Leioproctus strigatus

Scientific classification
- Kingdom: Animalia
- Phylum: Arthropoda
- Clade: Pancrustacea
- Class: Insecta
- Order: Hymenoptera
- Family: Colletidae
- Genus: Leioproctus
- Species: L. strigatus
- Binomial name: Leioproctus strigatus Batley, 2025

= Leioproctus strigatus =

- Genus: Leioproctus
- Species: strigatus
- Authority: Batley, 2025

Species of bee

Leioproctus strigatus, or Leioproctus (Euryglossidia) strigatus, is a species of bee in the family Colletidae and subfamily Colletinae. It is endemic to Australia.
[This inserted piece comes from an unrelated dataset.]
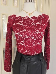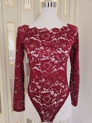 Body in pizzo rosso, scollatura a barca, manica lunga, trasparente.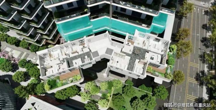 认真看这四栋楼的布局可以发现,它没有墨守成规按地块原来的规矩排布,而是迎着塔子山的方面整体进行45度转体,遵循景观更大化的原则,采用蝶式错位围合全点布局,打造全楼王视野和舒适楼间距。

It was described by entomologist Michael Batley in 2025.

==Etymology==
The specific epithet strigatus is an anatomical reference to the fine striation on the propodeal triangle.

==Description==
The female body length is 5.5 mm, the male 5.0 mm. Integumental colouration is mainly black, the metasoma dark brown. The hair is white to brown.

==Distribution and habitat==
The species occurs in south-west Western Australia. The type locality is Peak Charles National Park in the Eastern Mallee bioregion.

==Behaviour==
The adults are flying mellivores.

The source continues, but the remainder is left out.